Salah Bardaweel, Sami Abu Zuhri, Fathi Hammad and Taher a-Nunu, also senior and veteran Hamas officials, have also left the Gaza Strip together with their families. They are shuttling between Qatar, Lebanon, Turkey and other Arab and Islamic countries.
In addition to the Hamas leaders, senior representatives of Palestinian Islamic Jihad have left the Gaza Strip. They include Nafez Azzam and Mohammed al-Hindi, who are spending their time in Syria, Lebanon and Turkey.
It is not clear if these Hamas and PIJ leaders are planning to return to their homes in the Gaza Strip. In fact, there is good reason to believe that these spoiled leaders are not in a hurry to return to Gaza, where two million Palestinian residents continue to live in harsh economic conditions, where unemployment is estimated at more than 50% and, where the rate of poverty is extremely high.

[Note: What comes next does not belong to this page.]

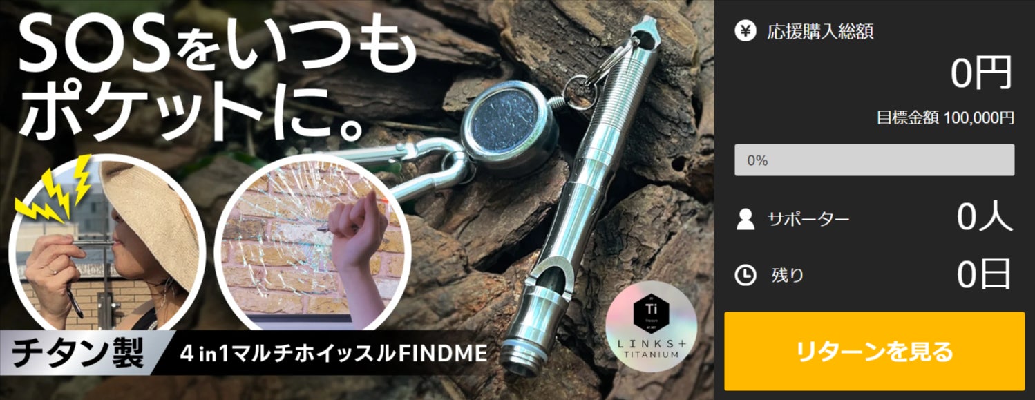 SOSをいつもポケットに!『チタン製4in1マルチホイッスルFINDME』応援購入サイトMakuakeでクラウドファンディングスタート!!
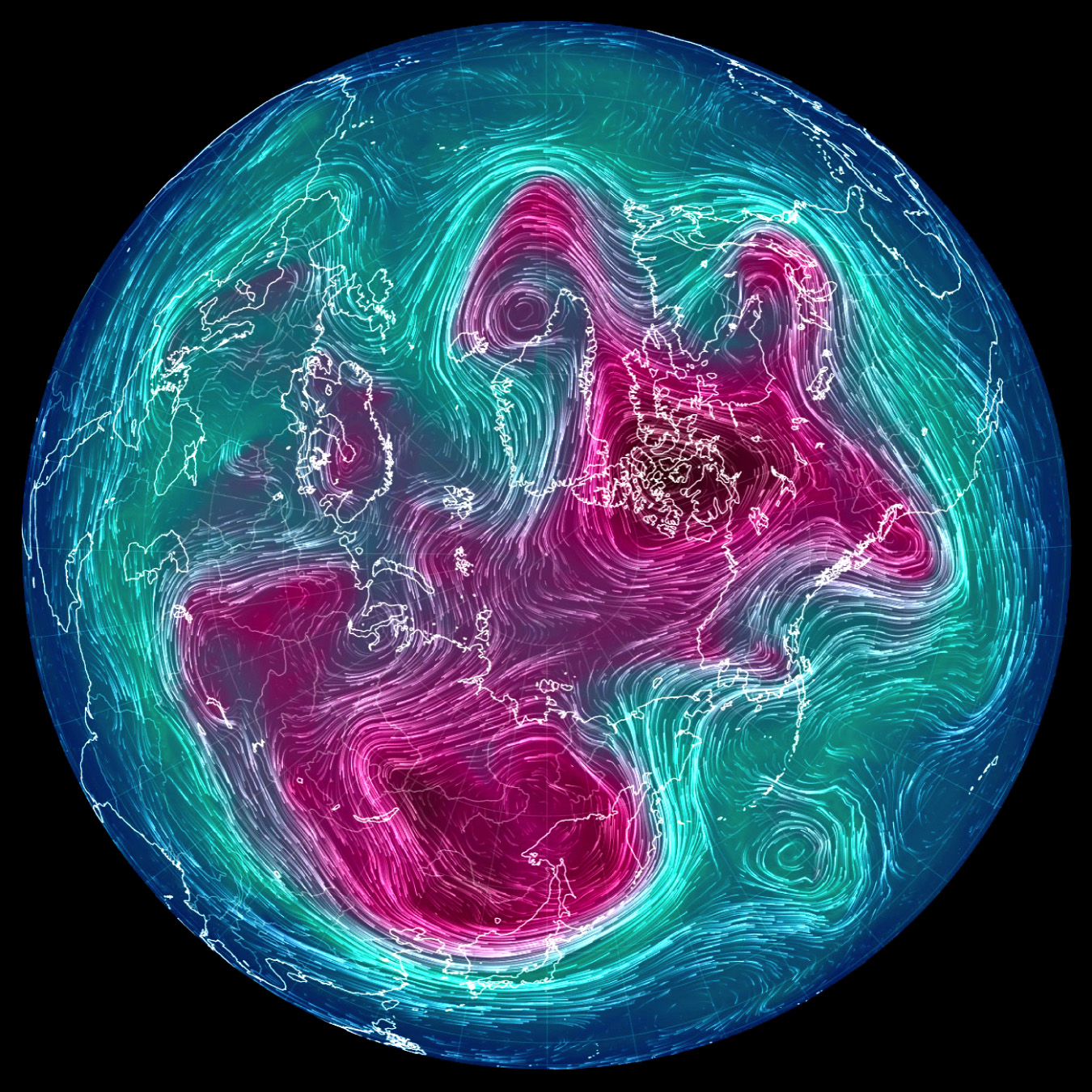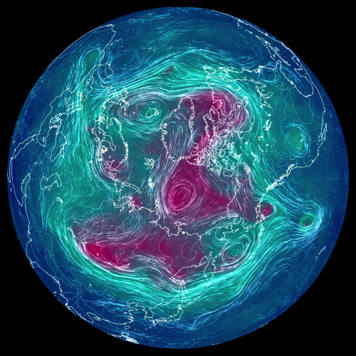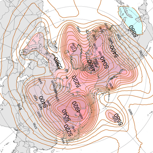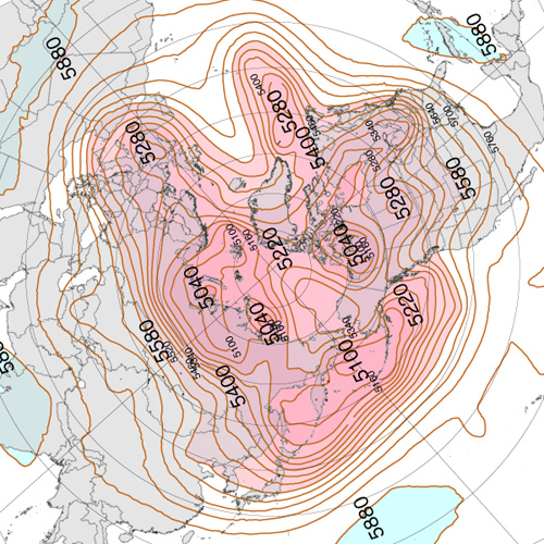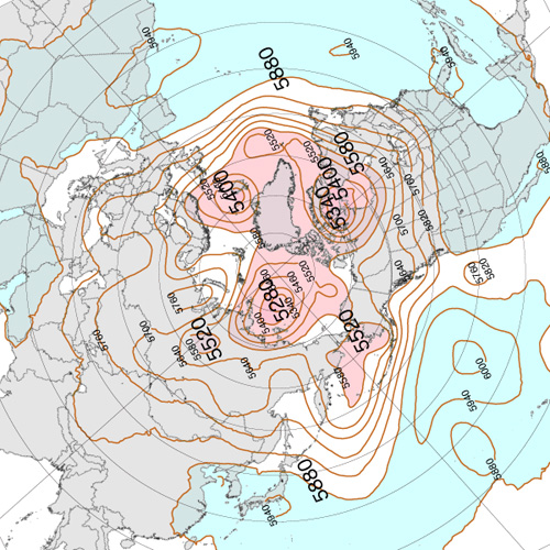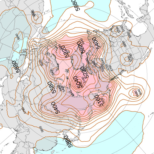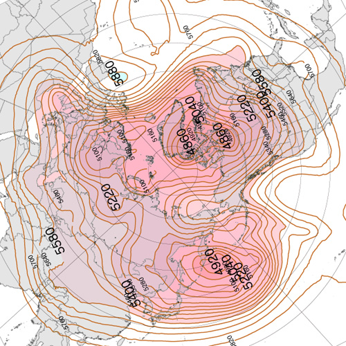 実際,上昇気流と下降気流が束になったこの鉛直対流は,冬は盛んになって低緯度側に拡がり,夏は衰えて高緯度側に後退する。 これを,2022年の 500 hPa 面天気図 (12 UTC) で見ていく。 天気図は,つぎのウェブサイトからダウンロードし,画像編集した:

The Iranian-backed Hamas and PIJ are the two largest groups in the Gaza Strip. Instead of investing their resources and efforts in improving the living conditions of their people, the Hamas and PIJ leaders have brought on them one disaster after the other. They have brought war and destruction on the people of the Gaza Strip by firing thousands of rockets towards Israel, forcing Israel to fire back to defend itself.
Instead of building schools and hospitals, the Hamas and PIJ leaders have chosen to invest tens of millions of dollars in a network of tunnels along Gaza's border with Israel, to attack and kill Jews.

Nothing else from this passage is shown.